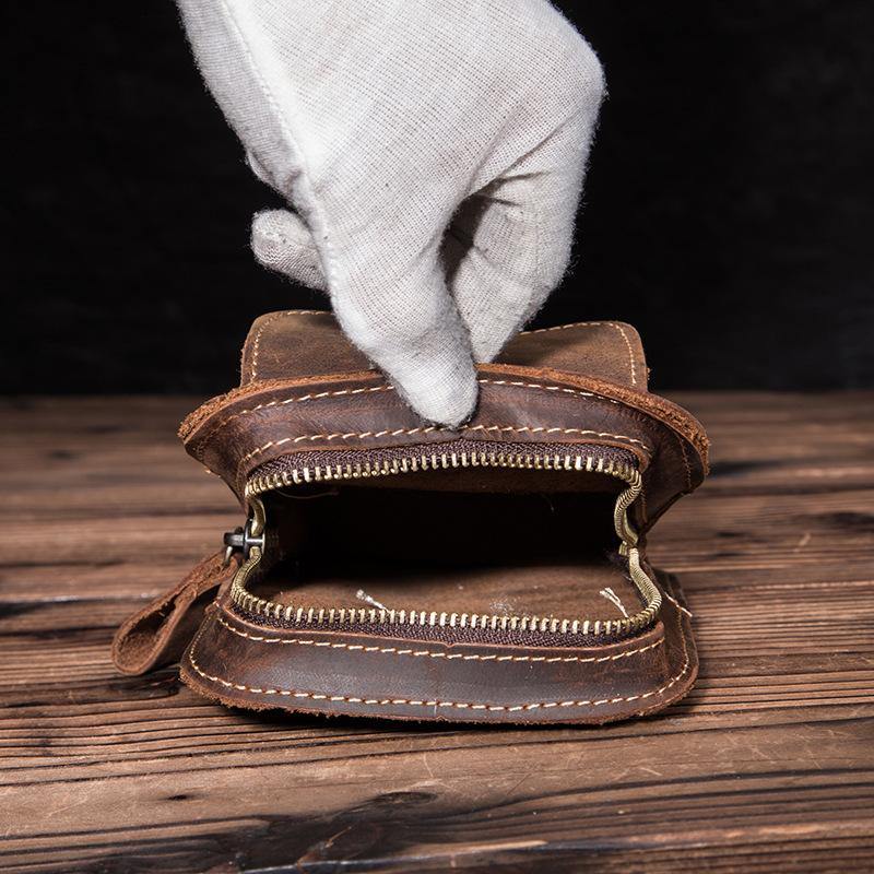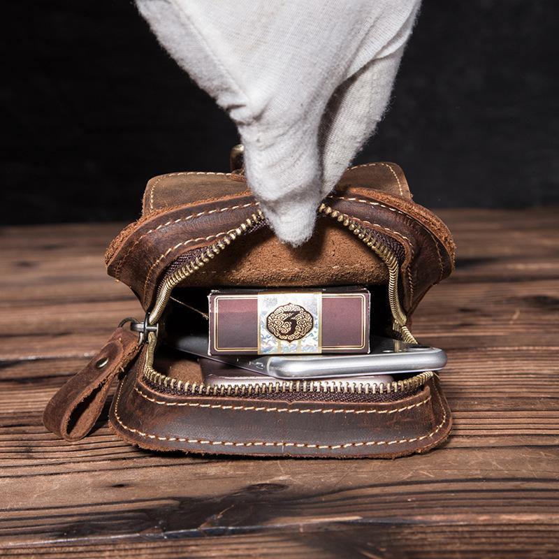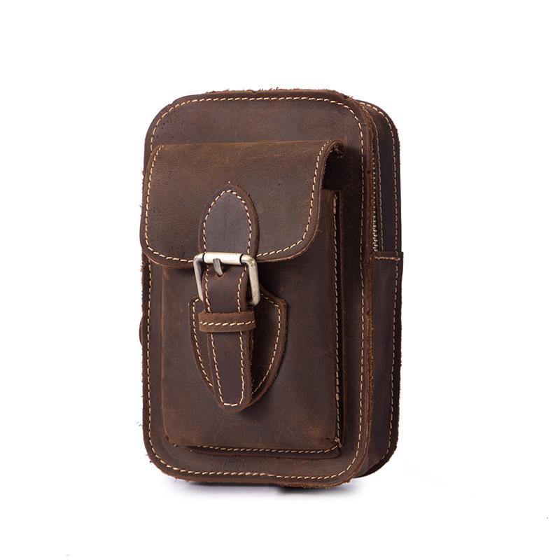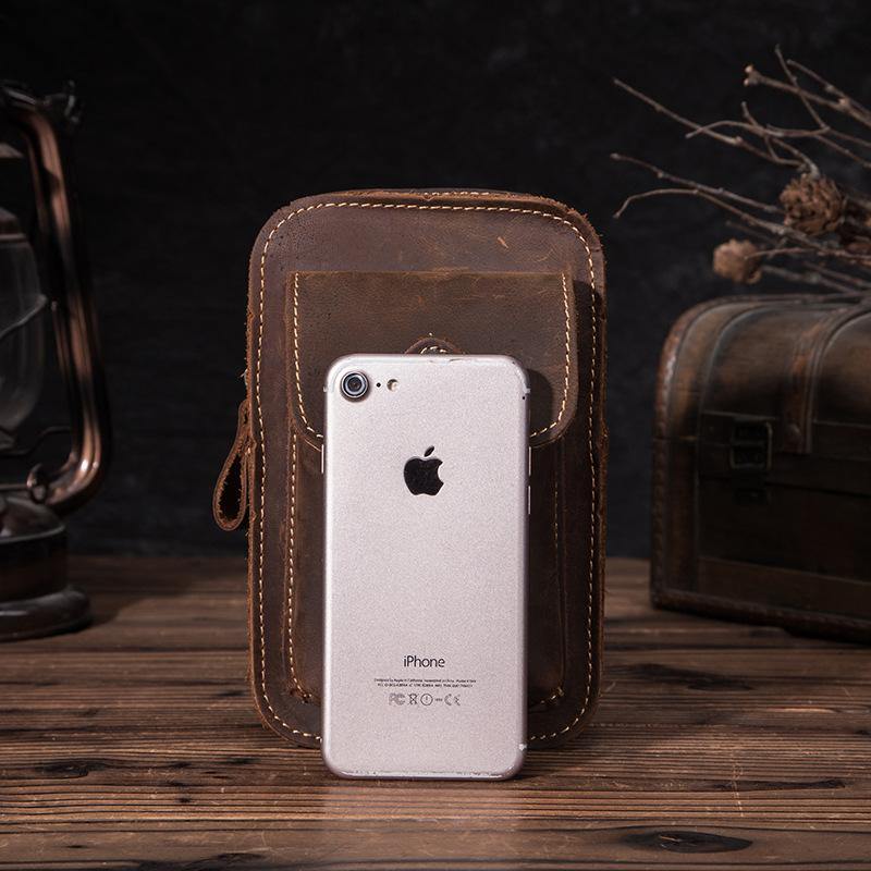 Design: Brown LEATHER MEN'S Phone Holster Small Belt Pouch Mini Waist Bag Vertical Phone Holster FOR MENOverview:
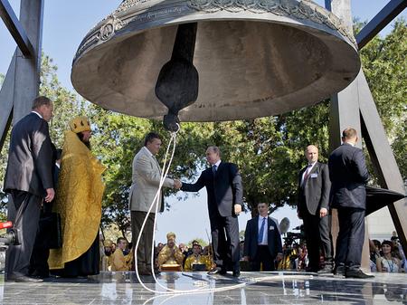 В воскресенье, 28 июля, у Владимирского собора на территории заповедника «Херсонес Таврический» в Севастополе митрополит Симферопольский и Крымский Лазарь совершил чин освящения удивительного колокола «Крещенский», отлитого литейщиками ПрАО «Донецксталь» - МЗ» к 1025-летию Крещения Руси. А первыми ударили в него президенты Украины и России - Виктор Янукович и Владимир Путин.
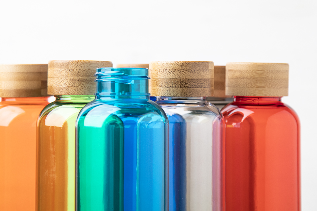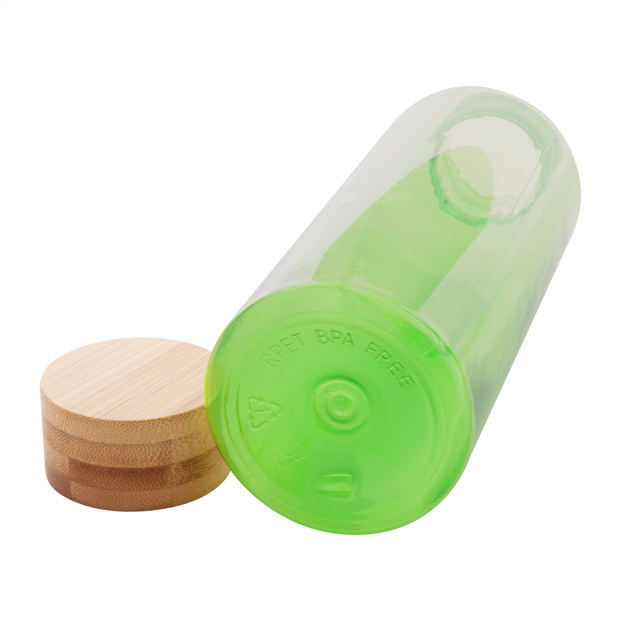 Borraccia da 500ml. in RPET non contenente BPA con tappo in bambù. Non adatta per l'utilizzo con bevande gassate.
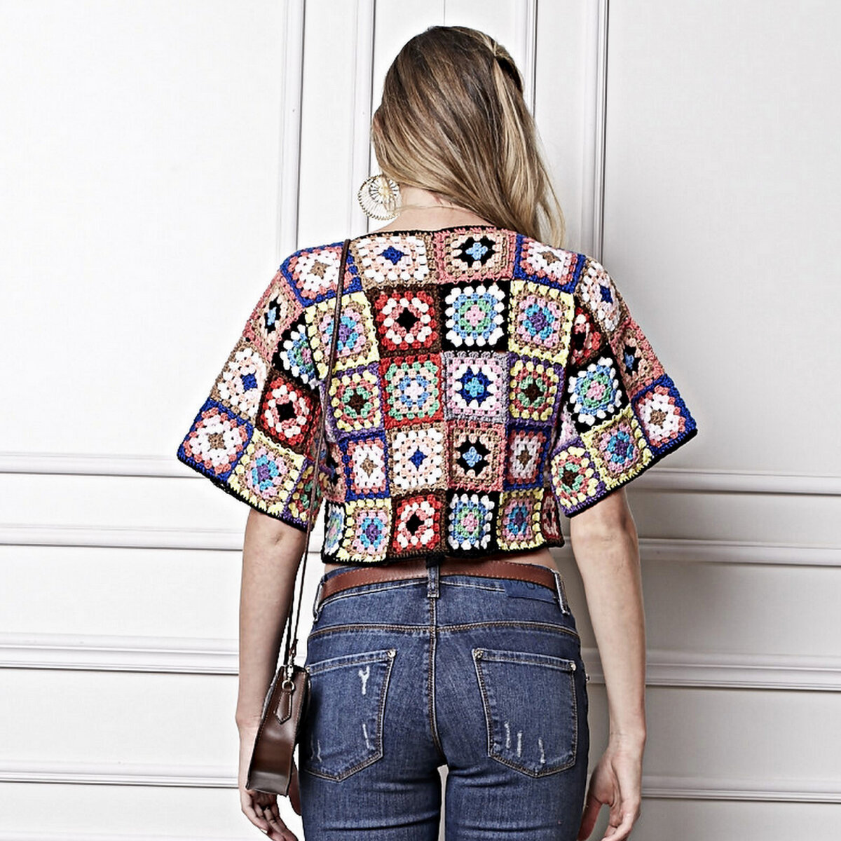 Укороченный топ свободного кроя с широкими рукавчиками до локтя и квадратным вырезом. Стильная модель, которую при желании можно трансформировать в не менее стильный джемпер, если довязать ещё квадратов снизу и на рукавах.
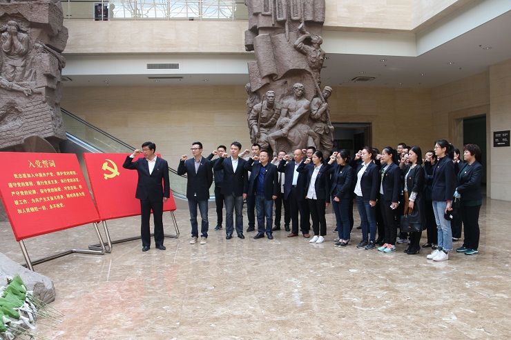 參觀結束后,劉家軍書記帶領全體人員,面對黨旗莊嚴宣誓。鏗鏘有力的宣誓聲響徹大廳,現(xiàn)場所有人都深受感染,在重溫入黨誓詞的過程中感受到了初心與使命之重,感受到了作為一名黨員砥礪前行、繼續(xù)奮斗的歷史召喚和時代責任。
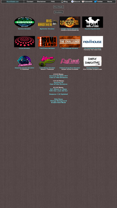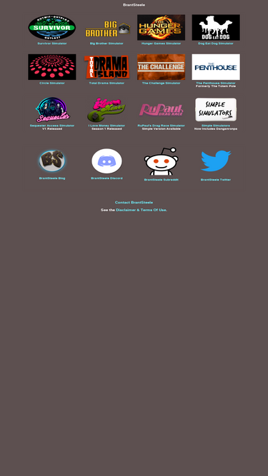 73%contains a collection of simulators created by brant steele including the survivor, big brother, hunger games, dog eat dog, and circle simulator.
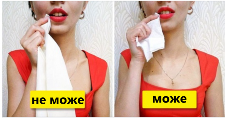 Както знаете, ленената салфетка се поставя на коленете ви, а също така е позволено леко да докоснете устата си с нея по време на хранене. Изключително нежелателно е да правите това, ако имате червило по устните. Салфетка, зацапана с червило, е признак на ужасно лошо възпитание. Използвайте хартиени салфетки, ако е необходимо, помолете сервитьора да ги донесе.
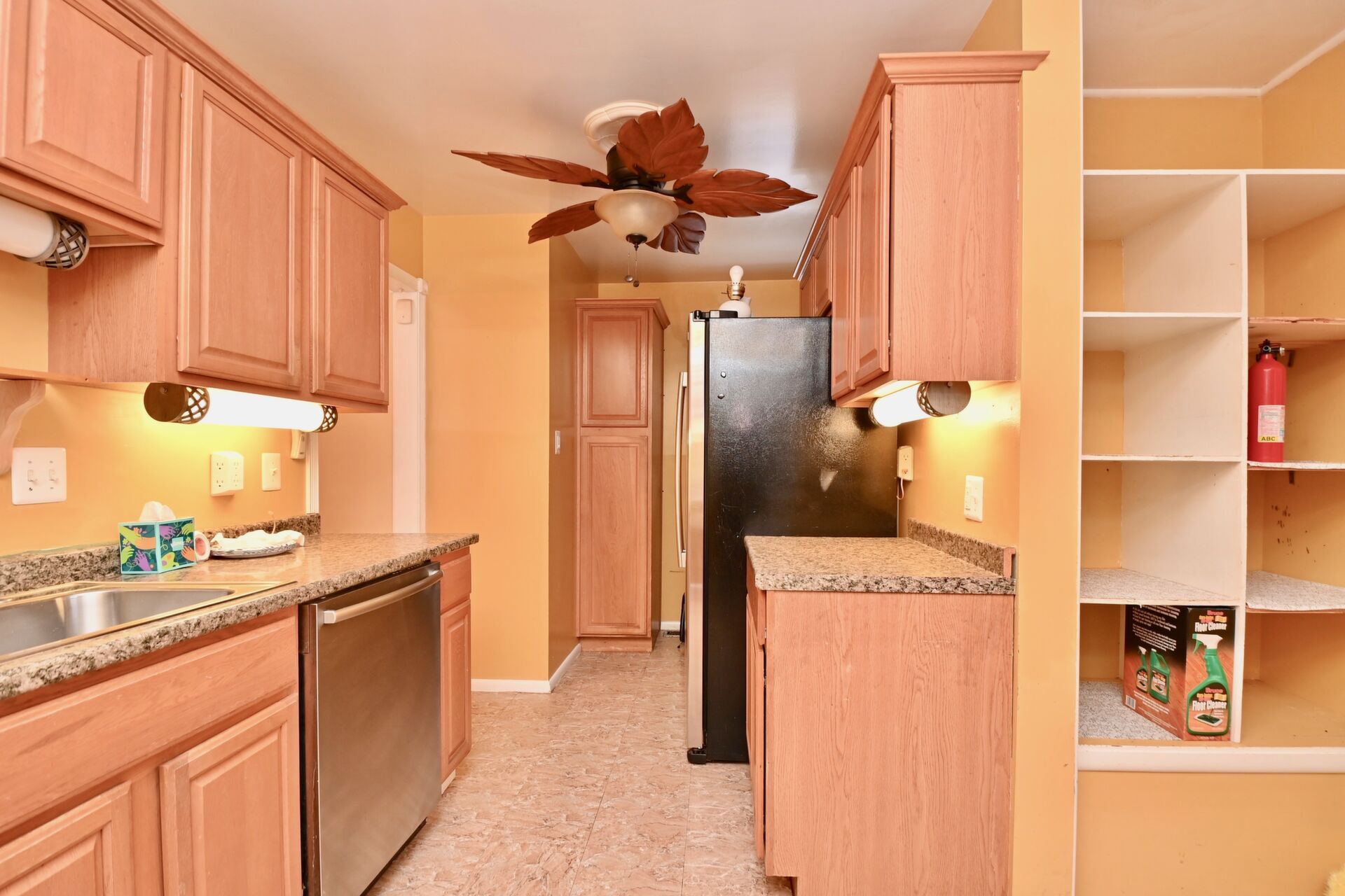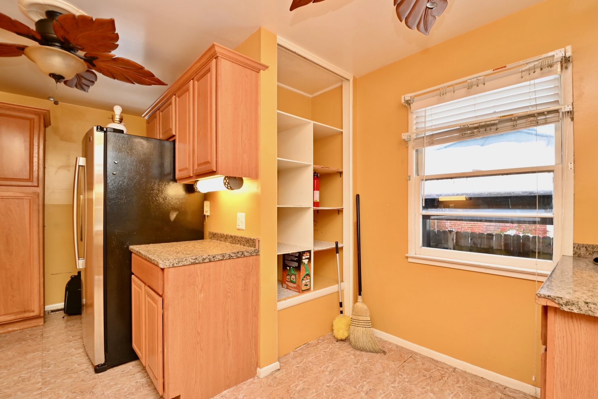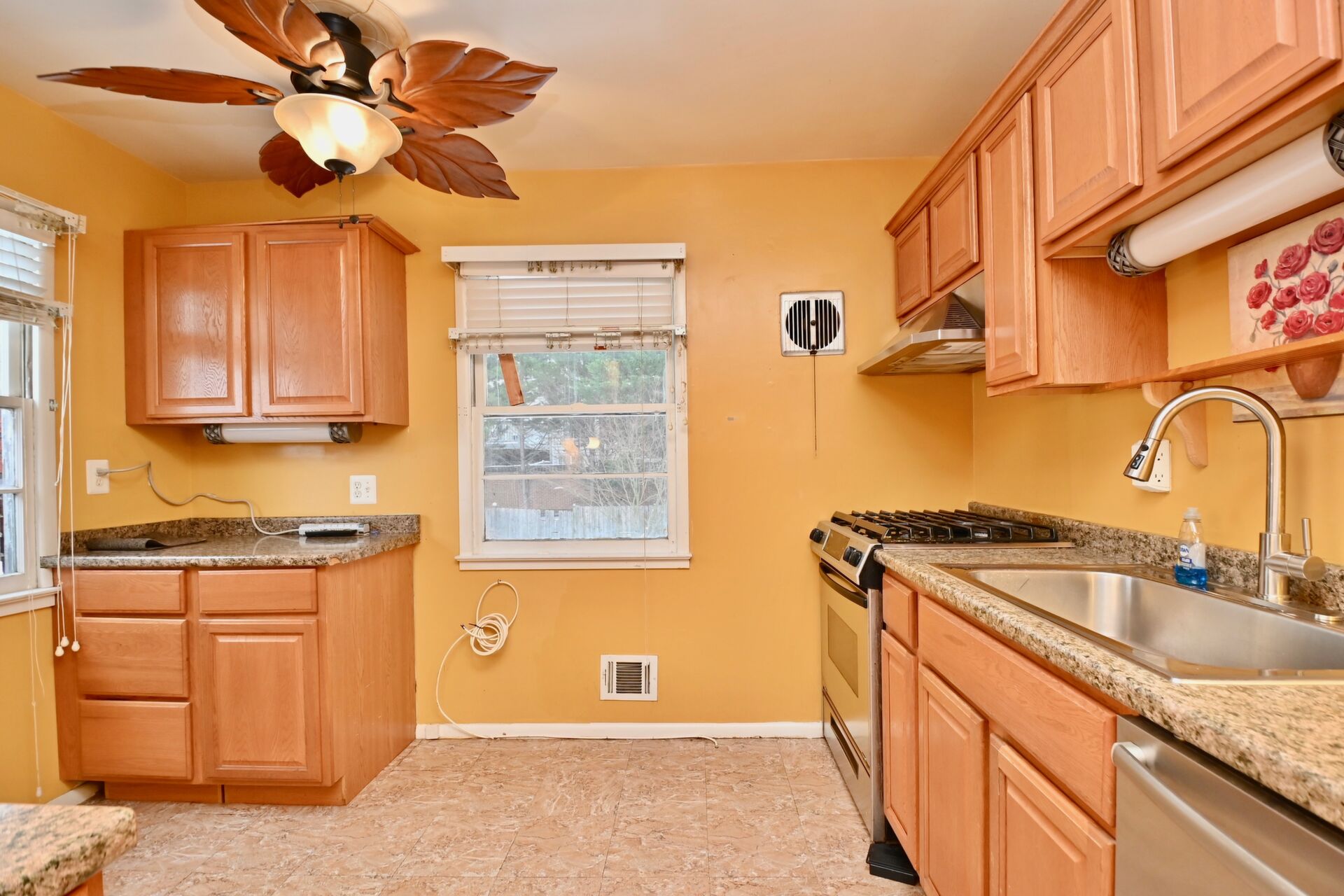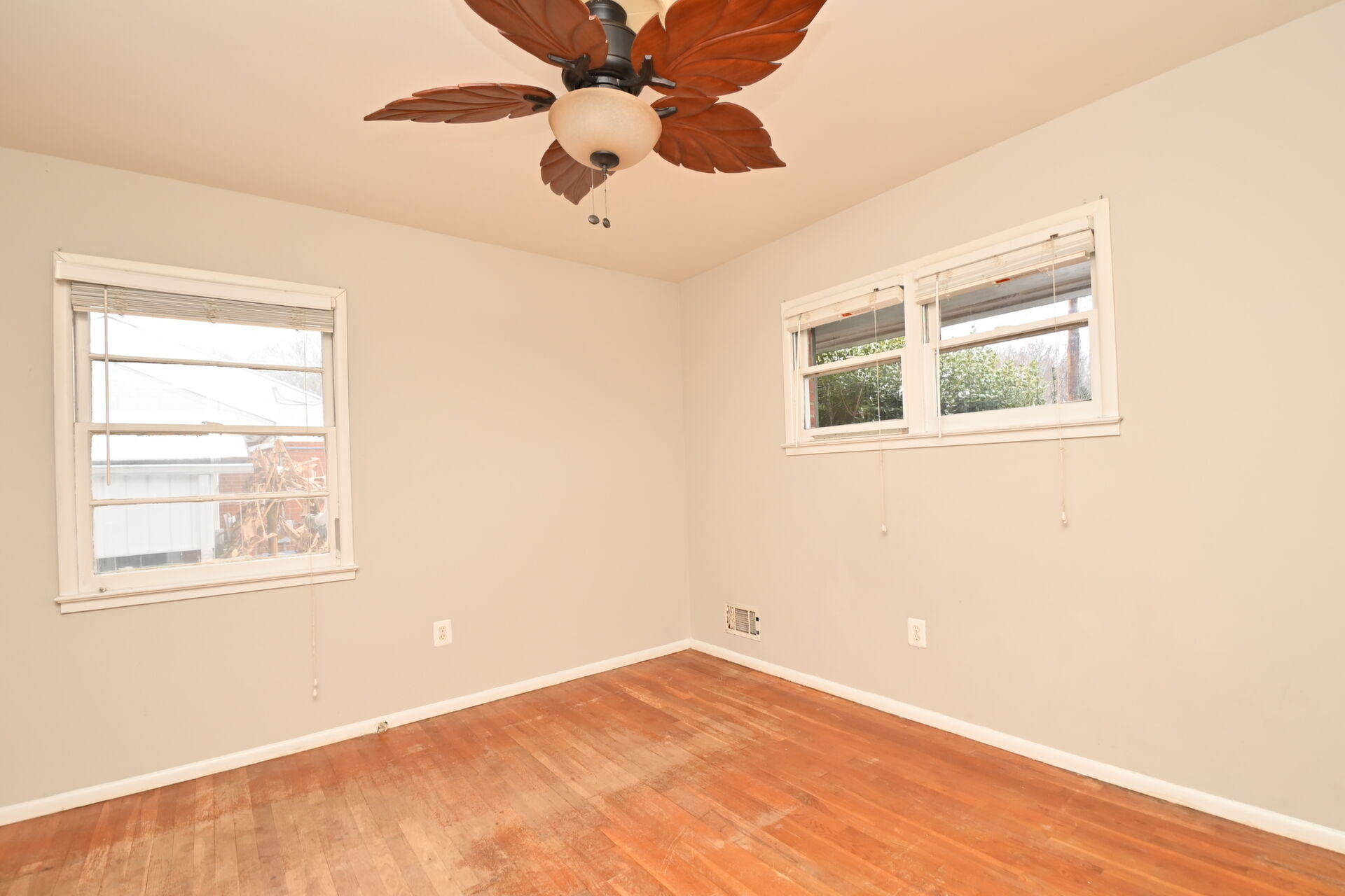 This home features wood floors, living/dining combination, bedrooms on the main level and a large flat, fully fenced backyard.

========

Pictures are to be left out; otherwise, retype exactly the lines from the first line of the data through the line containing "Borraccia da 500ml.".

 Design: Brown LEATHER MEN'S Phone Holster Small Belt Pouch Mini Waist Bag Vertical Phone Holster FOR MENOverview:
 В воскресенье, 28 июля, у Владимирского собора на территории заповедника «Херсонес Таврический» в Севастополе митрополит Симферопольский и Крымский Лазарь совершил чин освящения удивительного колокола «Крещенский», отлитого литейщиками ПрАО «Донецксталь» - МЗ» к 1025-летию Крещения Руси. А первыми ударили в него президенты Украины и России - Виктор Янукович и Владимир Путин.
 Borraccia da 500ml. in RPET non contenente BPA con tappo in bambù. Non adatta per l'utilizzo con bevande gassate.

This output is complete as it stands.